There are so many different tests out there and the regime can vary from state to state and district to district. The majority of these are administered unbeknownst to most parents. The only ones that are widely publicized are the so-called state tests, which are administered in grades 3-8 in the spring over the course of 12 days. To be sure, these are the beasts that dominate education, causing chaos and fear among the school population and disrupting learning in many ways from endless test prep, to the tests themselves, to the time and money invested in grading them, paying for substitute teachers, etc. These tests are high-stakes tests that can make or break students, teachers, and their schools.

But what about field tests? Many parents don’t even know what they are or that their children are being subjected to them. Field tests use our children as guinea pigs so that testing companies can try out new test questions before marketing them on the ‘real’ tests. Certain grades/ subjects are chosen at certain schools and the children there are given an extra test. Field tests are even embedded in the spring state tests. Corporations like Pearson Education stand to make a fortune selling tests to states like New York, with whom it has a $32 million contract.

With New York state’s controversial APPR plan, schools must submit a detailed plan on how teachers and administrators will be evaluated. This plan, which must be approved by the state, includes SLOs (student learning objectives). At EngageNY, we learn that a Student Learning Objective is “an academic goal for a teacher’s students that is set at the start of a course. It represents the most important learning for the year…. It must be specific and measurable, based on available prior student learning data, and aligned to the Common Core… Teachers’ scores are based upon the degree to which their goals were attained.” If, as a parent yet unfamiliar with the all of these terms and going-ons, you find this hard to understand, you are not alone. Just look at the litany of links, videos, and how-to’s offered by NYSED (New York state education department) so that teachers can familiarize themselves with the concept. SLOs can be teacher-created, they can be part of the state tests, or they can come in the form of state-approved third party assessments. In many cases, our children are subjected to yet more testing to rate their teachers. And in most every case, you as a parent will be completely unaware that any of this extra testing is taking place. You might even find your child coming home one day saying they just took a test in gym class!
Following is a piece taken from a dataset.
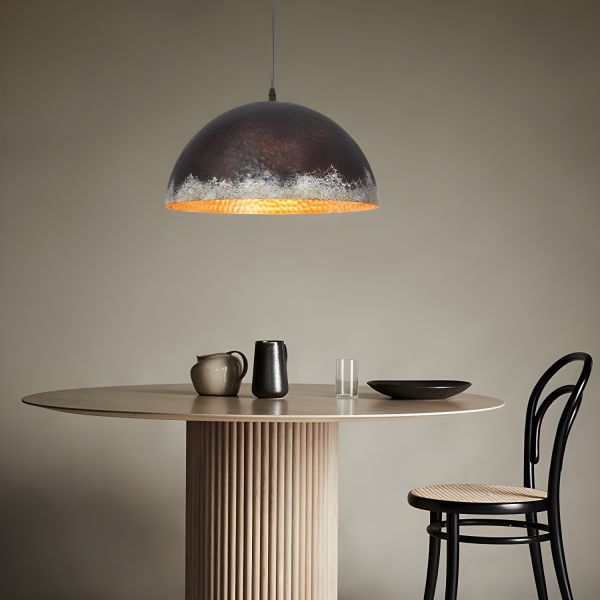 Rustic Industrial Hammered Metal Pendant Light, Distressed Bronze Lamp with Gold Interior

I mentioned state approved third-party assessments. These are computer-based tests that our schools must purchase. My school uses STAR, a product by Renaissance Learning. Often times these assessments are part of the SLOs in the APPR plan, but sometimes they are just part of the mandate that schools must administer a pre-test, post-test, and various benchmarks along the way to judge student progress. I am not opposed to teacher-created methods of assessment–authentic assessment–for their own use, but I have many reason to oppose third-party assessment tools for use in SLOs and progress-monitoring. You can read those here.

And there is more testing to come, with PARCC assessments for K-12 slated to roll out for the 2014-15 school year. This is going to affect our schools and our children.

*Test prep is big business, considered a commonplace key to success. It reinforces the concept that the test is the main goal, and with the right test prep anyone can succeed.  Not only is test prep replacing real learning in our children’s classrooms, it is being marketed to us as an ‘aid’ to help our kids ‘succeed.’ Take this site, where we are asked if our kids are “preparing for the New York State Testing Program, also known as NYSTP?” Or this one, where we are told that “some races are worth the extra effort” so you’d better get “the Kaplan edge.”